Facing Nature: Levinas and Environmental Thought
Duquesne University Press, 2012 - Philosophy - 359 pages
Despite its attention to questions of ethics and "the ethical", contemporary continental philosophy has often been disengaged from inquiring into our ethical obligation to nature and the environment. In response to this vacuum in the literature, this book simultaneously makes Levinasian resources more accessible to practitioners in the diverse fields of environmental thought while demonstrating the usefulness of continental philosophy for addressing major issues in environmental thought. Drawing on the philosophy of Emmanuel Levinas, these scholars approach environmental philosophy from both humanistic and non-anthropocentric points of view. On the one hand, the book contributes to the discussion of environmental justice as well as the growth of ecophilosophical literature. At the same time, some of the essays take an interpretative approach to Levinas's thought, finding that his work is able to speak to environmental thinkers whose positions actually diverge quite sharply from his own. While recognising the limitations of Levinas's writings from an environmental perspective, the book argues that themes at the heart of his work -- the significance of the ethical, responsibility, alterity, the vulnerability of the body, bearing witness, and politics -- are important for thinking about many of our most pressing contemporary environmental questions. Essays specifically highlight the otherness of nature, the vulnerability and suffering of non-human animals, the idea of an interspecies politics, the role of nature in ethical life, individual responsibility for climate change, and the Jewish understanding of creation as points of contact between Levinas's philosophical project and environmental thought.
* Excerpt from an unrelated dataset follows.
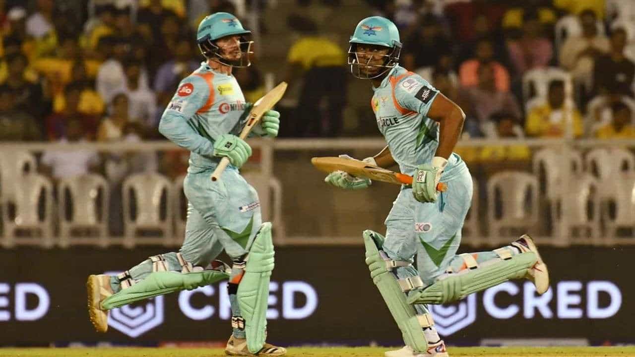 ચેન્નાઈ સામે લખનૌની ટીમના ઓપનરોએ મજબૂત શરુઆત આપી હતી. ઓપનર કેએલ રાહુલ અને ક્વિન્ટન ડીકોકે 99 રનની ભાગીદારી રમત રમી હતી. બંનેએ આક્રમકતા સાથે રમત રમી હતી. કેપ્ટન કેએલ રાહુલે 3 છગ્ગા અને 2 ચોગ્ગા ફટકારીને 40 રન 26 બોલમાં નોંધાવ્યા હતા. જોકે તે પ્રિટોરિયસની જાળમાં સપડાઈ ગયો હતો. તેના બદલામાં ક્રિઝ પર આવેલ મનિષ પાંડે (5) ઝડપથી પરત ફર્યો હતો. જોકે ડિકોકે રમતને આગળ વધારવા પ્રયાસ જારી રાખ્યો હતો અને મેચને રોમાંચક સ્થિતીમાં લાવી દીધી હતી. તેણે અડધી સદી નોંધાવતી રમત રમી હતી. 45 બોલમાં 61 રન 9 ચોગ્ગાની મદદથી કર્યા હતા.

Levinas is also brought into conversation with dialogue partners who enhance this connection, such as Theodor Adorno, Hanna Arendt, Tim Yilngayarri, Maurice Merleau-Ponty, and Henry David Thoreau. While widely relevant to all those who attempt to think through our ethical relation to the natural world, this book will be of special interest to scholars and students interested in both continental philosophy and the manifold areas of environmental studies.